Others mentioned the recent success of antisense therapy for spinal muscular atrophy, which should whet investor and industry appetites for applying that approach to other single-gene diseases.

Furthermore, the high cost of drugs was a frequent topic, and these more targeted therapies are proving expensive. It’s difficult to square the productive strategy of targeting individual genes with the practical challenge of making drugs affordable. Panelists mentioned the need to address the following questions: Who will pay, and how much will they bear early in the development process? Why invest in developing the therapy if no one will cover the cost?

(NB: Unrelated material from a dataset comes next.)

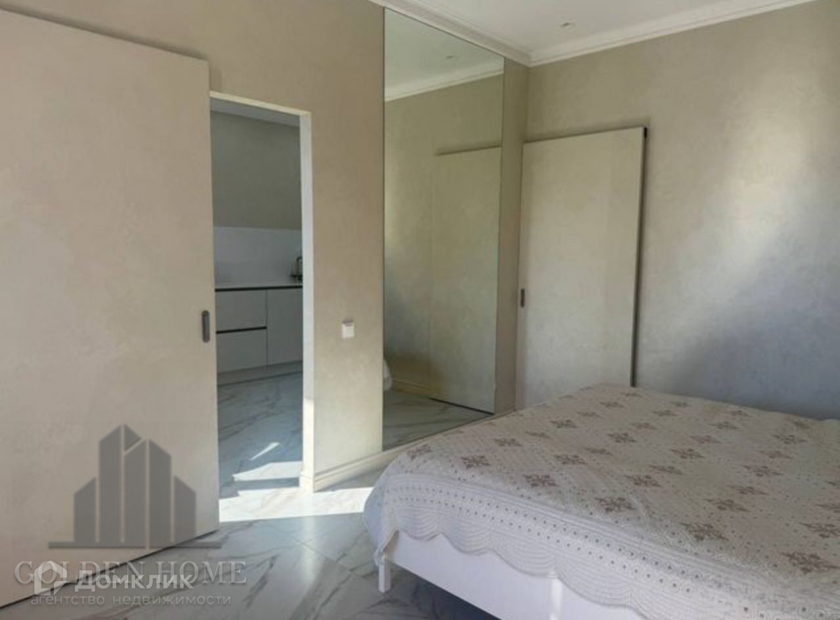 В спальне стоит большая двуспальная кровать с ортопедическим матрасом размером 180х200 см. Постельное бельё белоснежное и идеально выглаженное. Также в спальне есть удобные подушки и одеяла.

Drug cost was a broader theme, too. Alexis Borisy, a Boston-based investor and company founder, announced a new venture, EQRx, that has already attracted $200 million in investment. He claims that the startup will develop drugs in a more efficient way, and sell them to hospitals and insurers for less. EQRx is aiming to have its first drug in five years, and 10 drugs in a decade. Without details, it’s hard to understand how their strategy will be any different than existing drug development approaches. But it can’t hurt for firms to be addressing the question of drug costs as a marquis component of their branding.

I used JPM as an opportunity to meet with startups, pharmaceutical companies, academic program leaders, and investors who have an interest in partnering with academic researchers to look for opportunities. While we are at the formative stages of developing our programs, the event was a great opportunity to help put Carney on the map as a place interested in getting our discoveries out of the journals and into ventures where they can better society.

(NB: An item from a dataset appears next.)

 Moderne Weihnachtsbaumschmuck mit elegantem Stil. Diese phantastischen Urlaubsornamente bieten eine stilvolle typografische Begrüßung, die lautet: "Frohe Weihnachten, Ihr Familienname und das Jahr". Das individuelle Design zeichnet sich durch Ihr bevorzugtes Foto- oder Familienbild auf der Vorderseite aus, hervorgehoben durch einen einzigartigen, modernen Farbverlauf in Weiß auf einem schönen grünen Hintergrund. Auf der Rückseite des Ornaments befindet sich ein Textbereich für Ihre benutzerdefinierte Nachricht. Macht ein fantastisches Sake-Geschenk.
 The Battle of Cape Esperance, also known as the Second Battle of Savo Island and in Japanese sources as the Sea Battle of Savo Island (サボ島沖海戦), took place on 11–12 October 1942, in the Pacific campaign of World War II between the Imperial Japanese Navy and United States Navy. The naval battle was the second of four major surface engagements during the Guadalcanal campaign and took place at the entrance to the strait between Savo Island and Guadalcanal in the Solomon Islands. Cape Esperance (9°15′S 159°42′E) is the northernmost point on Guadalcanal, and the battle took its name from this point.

What’s the opportunity for Carney? Brain health remains a huge frontier despite challenges, and everyone has their eye on things that could actually make a difference. Brain health bridges traditional therapeutics, devices, diagnostics, artificial intelligence, consumer health technology, and there is plenty of investment in brain and nervous system disorders—unprecedented investment, according to Harry Tracy of NI Research. Good ideas coming out of academia have huge opportunities and avenues for moving towards impact.

R. John Davenport, Ph.D., is managing director of the Robert J. and Nancy D. Carney Institute for Brain Science.